Advantages of using the technology of the project now that it is finished.
The project is already finished and in production. Gigabit switches allow, thanks to their manageability, bounding between cluster nodes; the 100 Mb/s rackable switch offers a very economical solution for KVM over LAN connectivity and remote management, which does not have any further requirements, but is essential in equipment maintenance (integrated into a Nagios console); Finally, the router provides high availability between wan with gigabit width, allowing to connect the external LAN network and the IPMI, with a single port of the University and thus reduce the load of redundant servers.
What does the Ladon OS solution provide compared to solutions like Rocks?
The fact of using our Ladón OS 7.2 v8 development guarantees us a stable ecosystem of Open Source tools, which allow us to manage, monitor and supervise the entire cluster jointly and centrally.

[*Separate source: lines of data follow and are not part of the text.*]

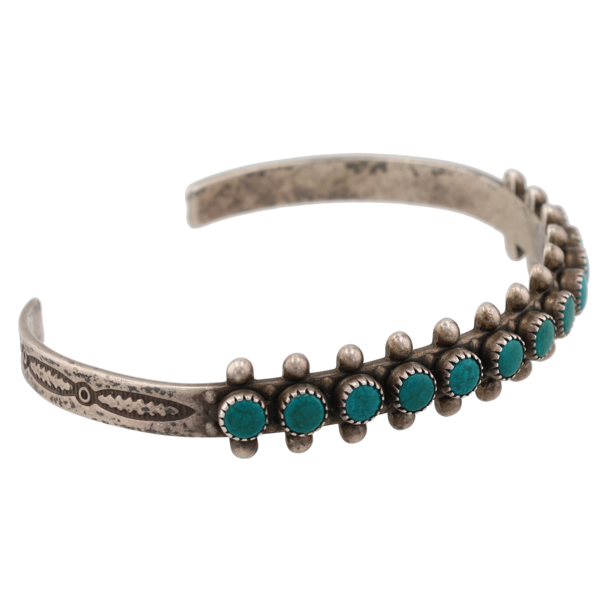 Vintage Navajo Green Turquoise Sterling Cuff Bracelet 12g
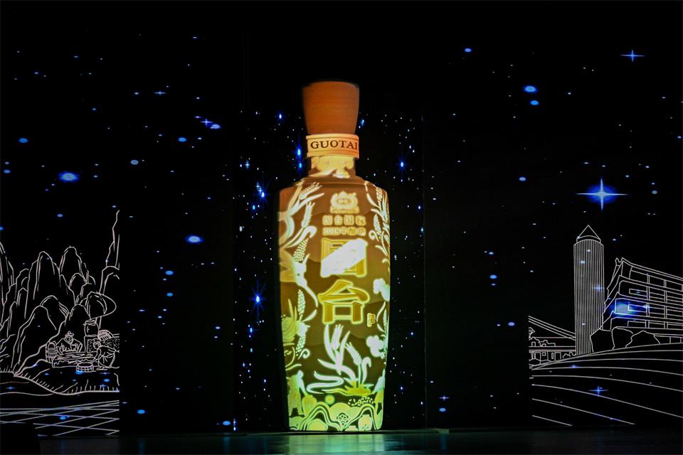 拓源為本次活動的舞蹈表演、啟動儀式等創(chuàng)作了不同的動態(tài)視頻,帶來豐富的視覺效果。聲光電、全息投影技術(shù)結(jié)合開合屏的運用,實現(xiàn)了巨型全息酒瓶的震撼開場。動感的畫面帶來感官的刺激,屏幕緩緩打開,巨型酒瓶出現(xiàn),逐漸變換成國臺國標酒瓶的形狀,牢牢抓住了現(xiàn)場來賓的視線。
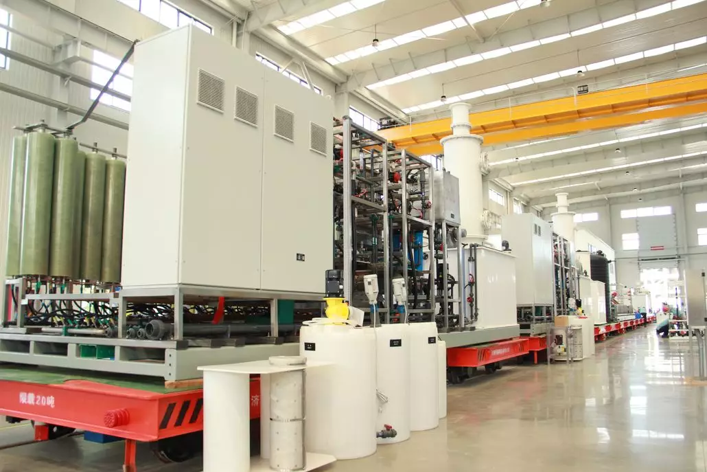 在市場部王部長的講解和帶領下,代表們參觀了金正環保產業園的系統集成車間、陶氏膜專用儲庫以及膜基材備料庫,王部長詳細介紹了金正DT特種膜自動化生產線調試情況和未來市場應用優勢、介紹了金正創新的標準化、模塊化、備貨制垃圾滲濾液與高鹽水設備的優勢、典型案例應用,為環保行業帶來了全新理念和經營方式。
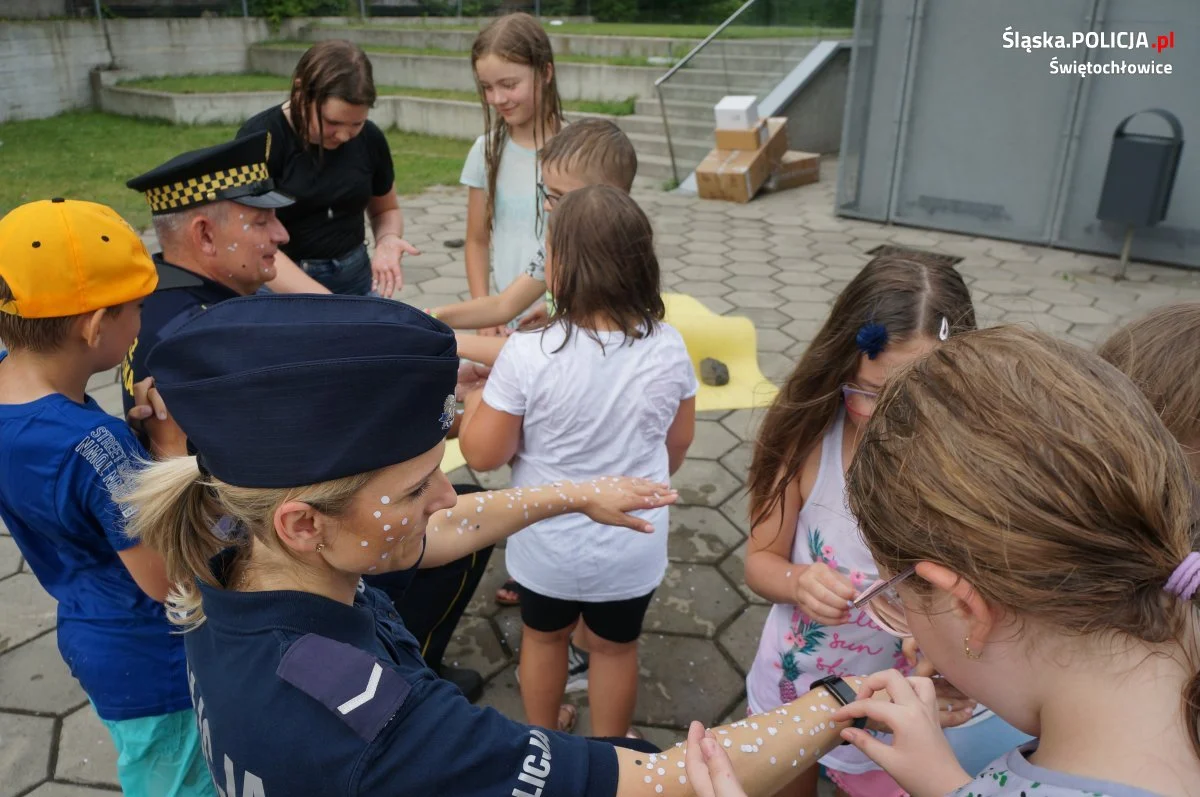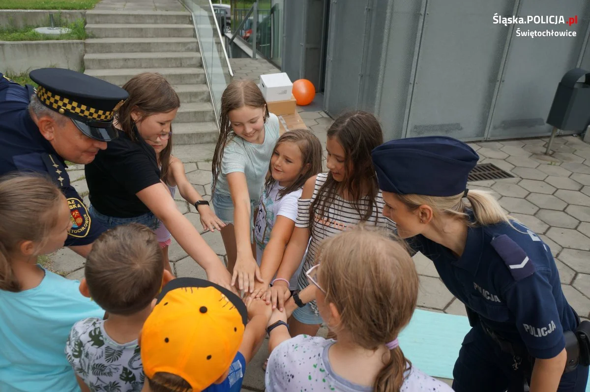 Profilaktycy z miejscowej Policji oraz Straży Miejskiej odwiedzili dzieci uczestniczące w zajęciach wakacyjnych na terenie Wież KWK Polska. Mundurowi zorganizowali dzieciom gry i zabawy, by zachęcić je do zdrowego i aktywnego trybu życia i jednocześnie przestrzec przed negatywnymi skutkami eksperymentowania z używkami. Spotkanie to było świetną okazją także do porozmawiania z dzieciakami o zasadach bezpiecznego wypoczynku i zabawy w trakcie trwających wakacji.
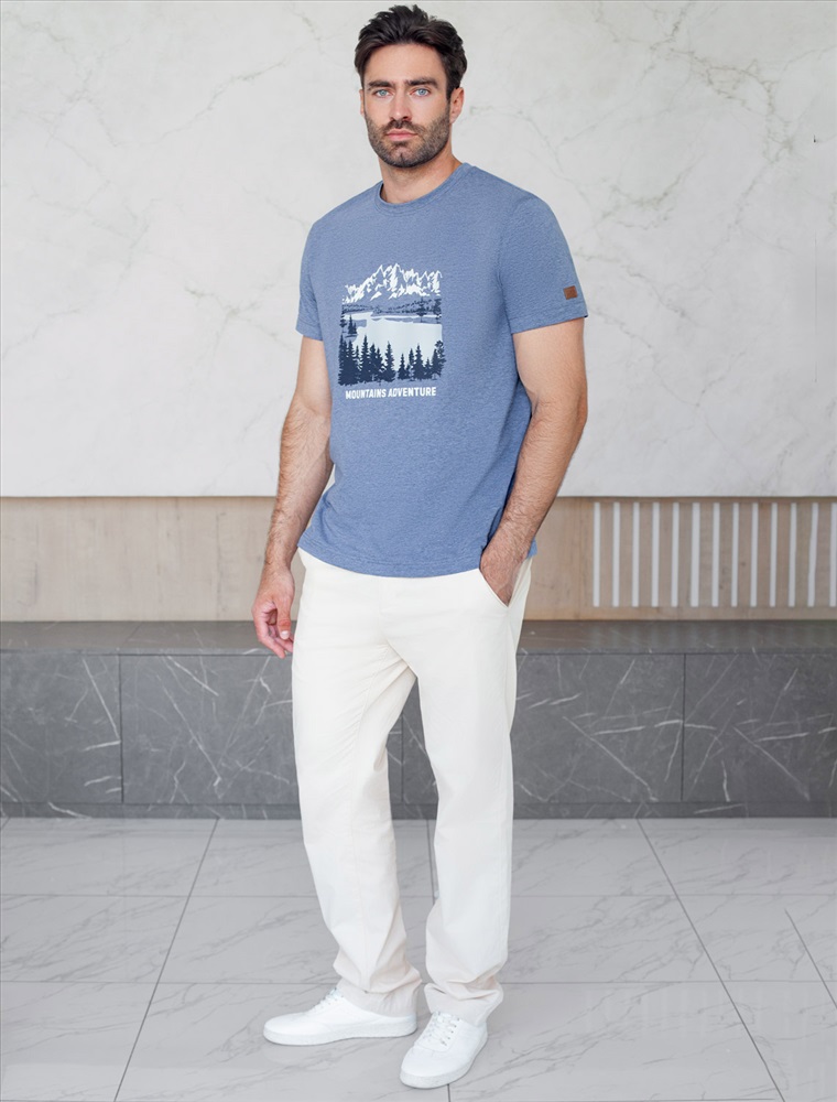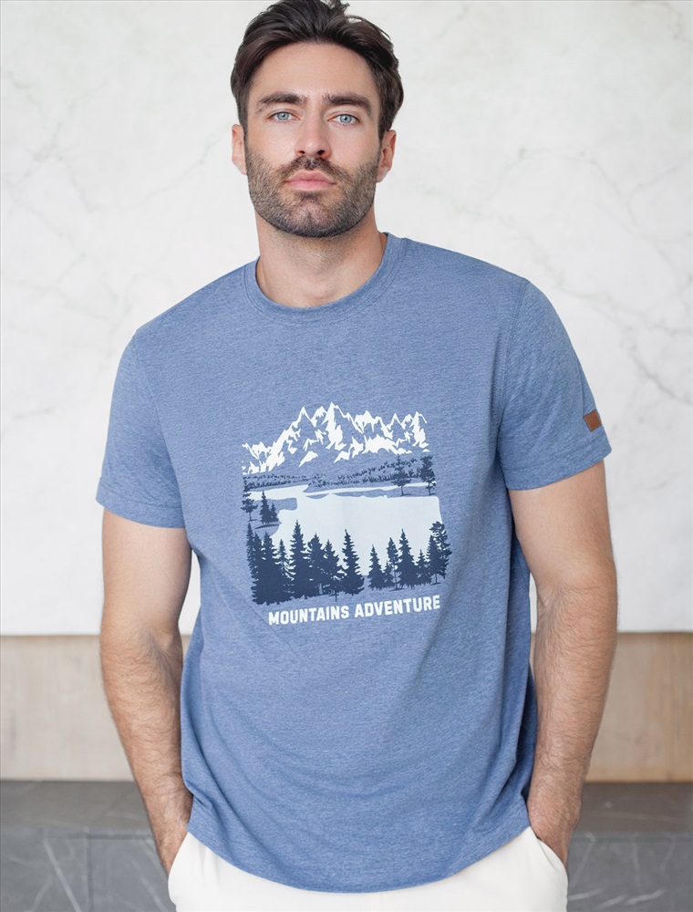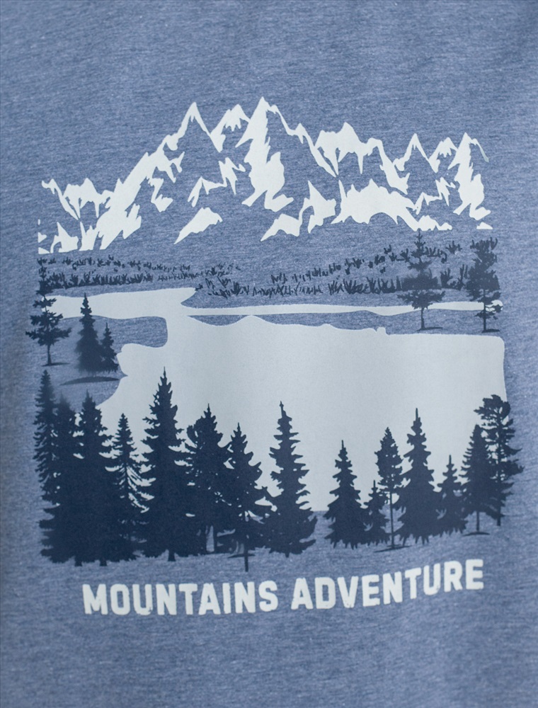 Перевод принта: Mountains adventure - приключение в горах. Футболка выполнена из премиального хлопка с эластаном. Авторский принт нанесен фактурными красками с устойчивым покрытием. Изделие комфортно сидит по фигуре, не сковывая движений. За счет среднего объема, хорошо подойдет как первый слой под пиджак, кардиган или бомбер. На рукаве нашивка из эко-кожи с логотипом бренда.
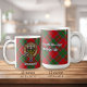 Clan Drummond crest badge surrounded by a strap and buckle over tartan background. Custom text on both sides.
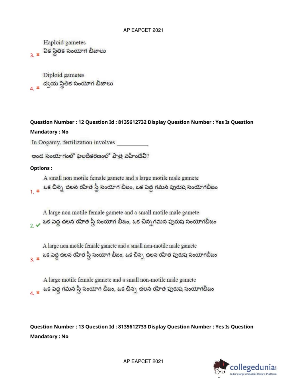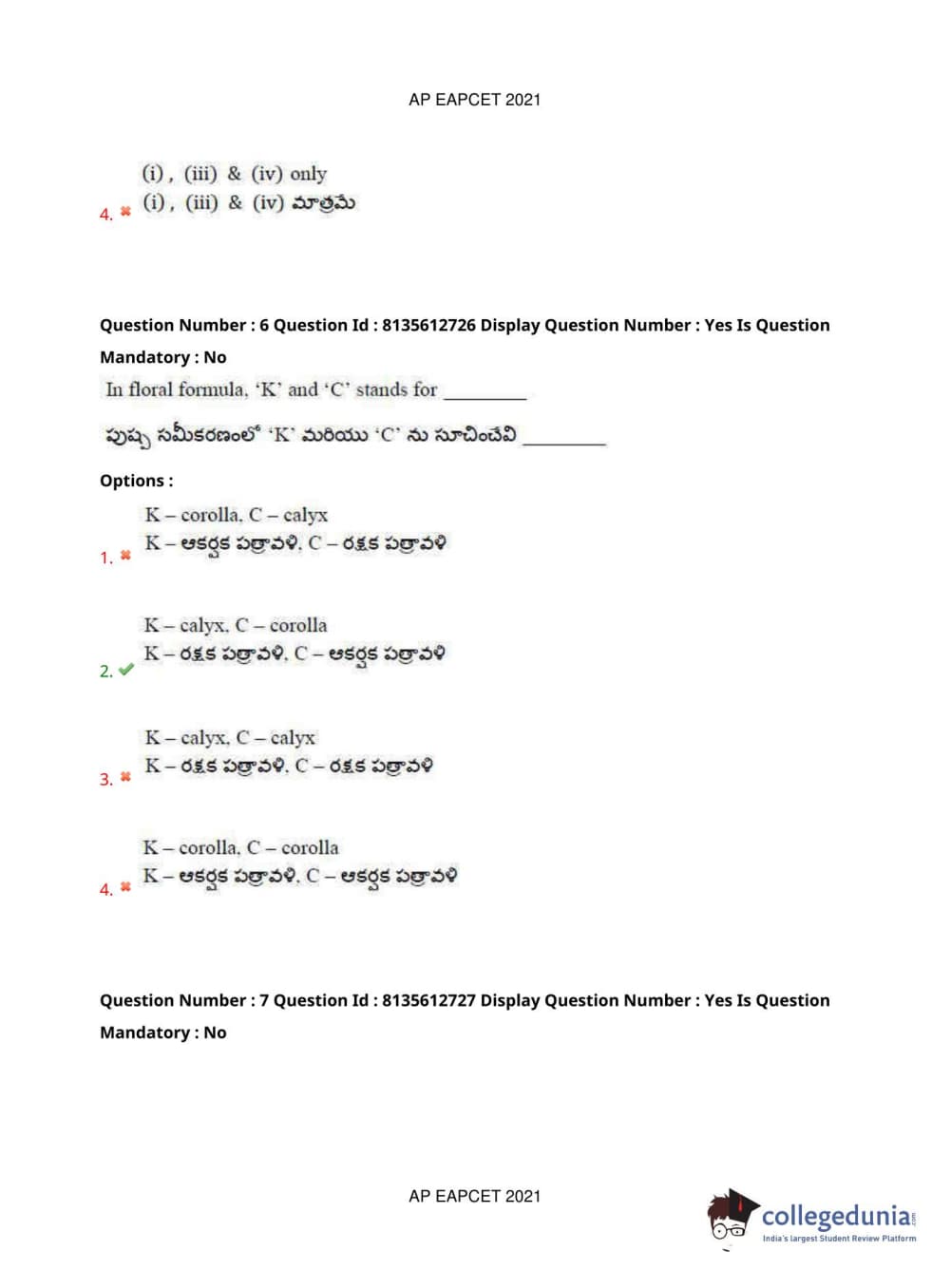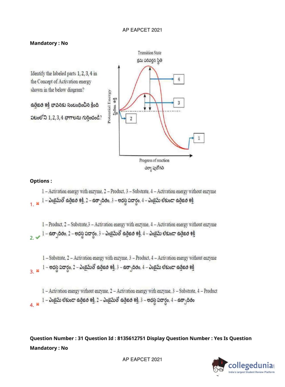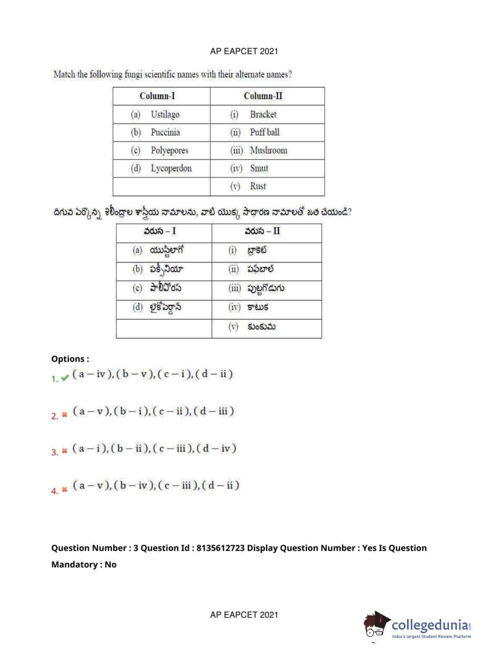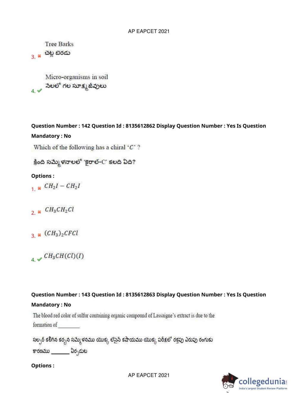 AP EAPCET 2021 Agriculture and Pharmacy Question Paper with Answer Key PDFs Afternoon Session
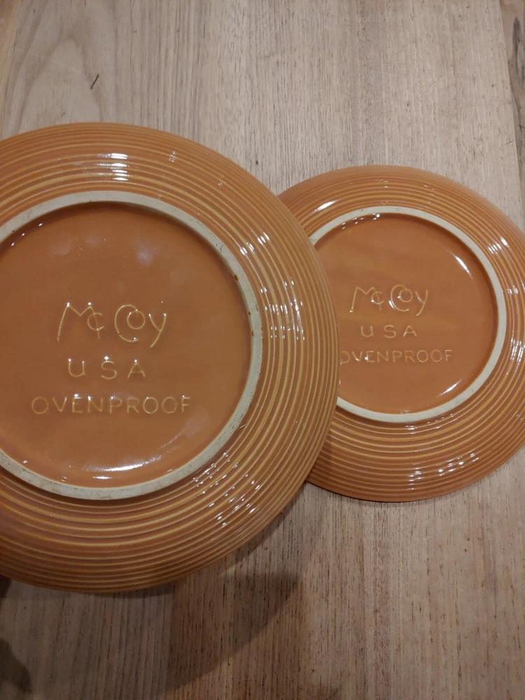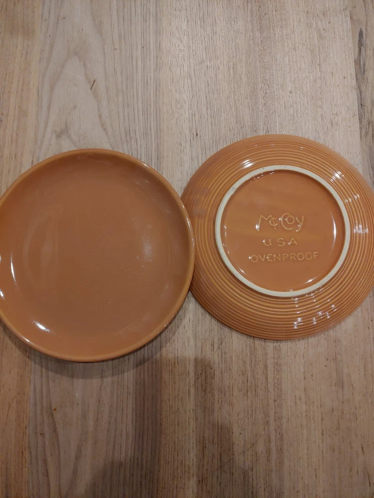 Backstamp:ImpressedColor:BrownItem Width:10.50 inCountry/Region of Manufacture:United StatesOriginal/Licensed Reproduction:OriginalTime Period Manufactured:1970-1979Set Includes:Dinner Plategtin13:Does not applyPattern:MesaMaterial:StonewareYear Manufactured:1970Type:Dinner PlateUPC:Does not applyMPN:Does not applyProduction Style:Art PotteryNumber of Items in Set:Two-PieceShape:RoundVintage:YesEra:Late 20th Century (1970-1999)Brand:McCoyOccasion:All OccasionsProduction Technique:Pottery
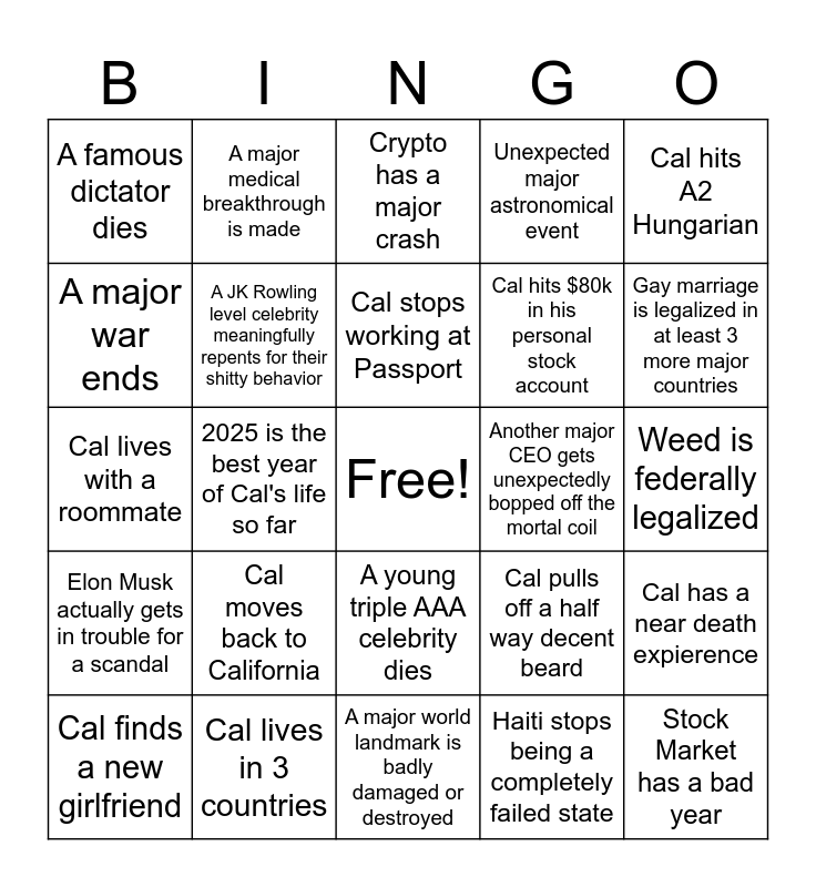 This bingo card has a free space and 24 words: Cal moves back to California, Cal lives in 3 countries, Cal stops working at Passport, Cal finds a new girlfriend, Cal hits A2 Hungarian, A famous dictator dies, A major war ends, A major medical breakthrough is made, Another major CEO gets unexpectedly bopped off the mortal coil, A young triple AAA celebrity dies, Cal hits $80k in his personal stock account, Cal lives with a roommate, Cal pulls off a half way decent beard, Cal has a near death expierence, A JK Rowling level celebrity meaningfully repents for their shitty behavior, Haiti stops being a completely failed state, Weed is federally legalized, Crypto has a major crash, Gay marriage is legalized in at least 3 more major countries, 2025 is the best year of Cal's life so far, Stock Market has a bad year, Elon Musk actually gets in trouble for a scandal, Unexpected major astronomical event and A major world landmark is badly damaged or destroyed.

To establish the difference with Rocks, Ladon OS is a puzzle and not a monolithic system. It is an ecosystem where the tools coexist together, but you can remove or add components, depending on parameters such as the size of the cluster or the complexity of the system to be used. In Rocks, we "load" with tools that we don't need, which makes it much heavier and difficult to upgrade.
The collaboration of several Universities and institutes, which offer their tools such as CLUES (CLuster Energy Saving), allows the system to evolve very quickly and be up to date. This can make a difference of between 20% and 30% in the performance of a cluster.
Ladón OS integrates tools such as MK check (on Nagios), Ganglia, Ansible, etc.In addition, the client has been helped to install applications such as Amber 16 or Gromacs on CUDA 8, deploying them throughout the cluster automatically thanks to EasyBuild.
The Institute of Computational Chemistry of the University of Girona researches in fields such as improvement and shortening process times that are essential in the creation of new drugs and more resistant and less polluting materials. This places the aforementioned Institute "at the international forefront of science"
This GPU cluster based on Intel Xeon processors is one of the most powerful installed in Spain to date and one of the 10 largest in Europe, with this technology, which provides a total of 2 Pflops thanks to the new NVDIA Pascal technology with CUDA 8.